A while back I said that one of the things to watch for was contraction of commercial and trade credit as that would signal the contagion of the financial crisis from the financial economy to the real economy. Here is more evidence that it is going to be ugly out there - and definitely deflationary in due course:
U.S. banks sharply reduce business loans
By Peter S. Goodman, International Herald Tribune
Banks struggling to recover from multibillion-dollar losses on real estate are curtailing loans to American businesses, depriving even healthy companies of money for expansion and hiring.

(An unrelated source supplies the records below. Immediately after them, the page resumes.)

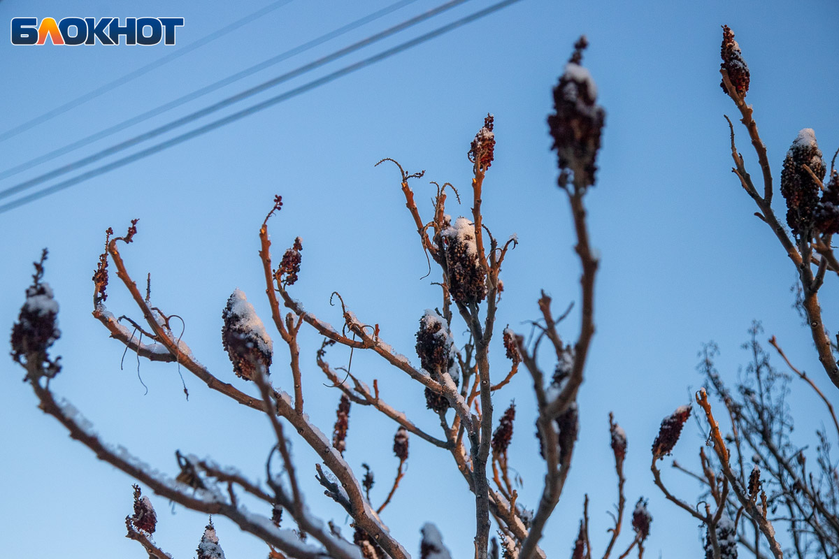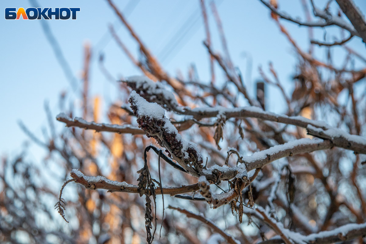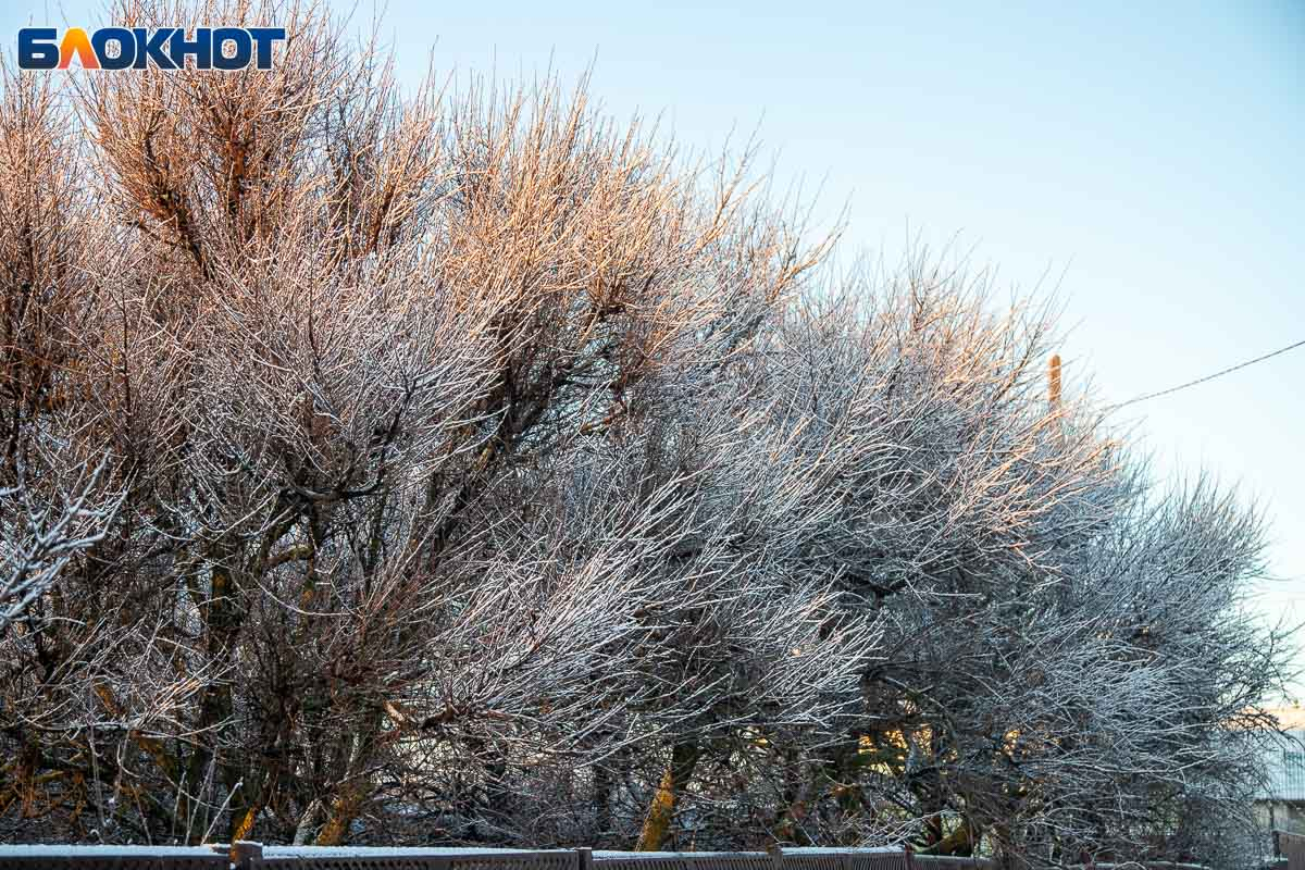 Волжский 10 января проснулся в по-настоящему зимнем настроении. Ночью город накрыл снег, а утренний мороз украсил деревья и улицы тонким слоем инея.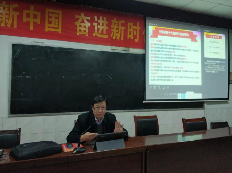 為深入學習宣傳黨的十九屆四中全會精神,動員全體教職工尤其是黨員教師把思想和行動統(tǒng)一到全會精神上來,推深做實“不忘初心、牢記使命”主題教育,更好加強黨風廉政建設。12月20日,我校邀請中共銅陵市委黨校政治教研室主任汪洋教授給全體教職工開展黨的十九屆四中全會精神宣講活動。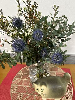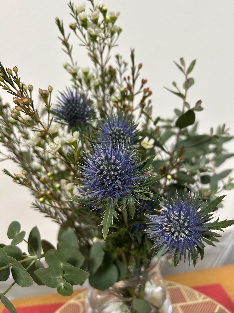 ワックスフラワーやエリンジウムを組み合わせて。ドライに向いてるお花をセレクトしています。ユーカリの香りも楽しんで! ワックスフラワーは葉っぱをこするととっても良い香り。

Two vital forms of credit used by companies — commercial and industrial loans from banks, and short-term "commercial paper" not backed by collateral — collectively dropped almost 3 percent over the last year, to $3.27 trillion from $3.36 trillion, according to Federal Reserve data. That is the largest annual decline since the credit tightening that began with the last recession, in 2001.
The scarcity of credit has intensified the strains on the economy by withholding capital from many companies, just as joblessness grows and consumers pull back from spending in the face of high gas prices, plummeting home values and mounting debt.
I'll be writing more about Irving Fisher's theory of debt deflation as causing the Great Depression in my Friday RGE blog, which I'll cross-post here. Fisher was marginalised and neglected by the Chicago School free marketers, but is well worth reappraising given the way history is repeating itself.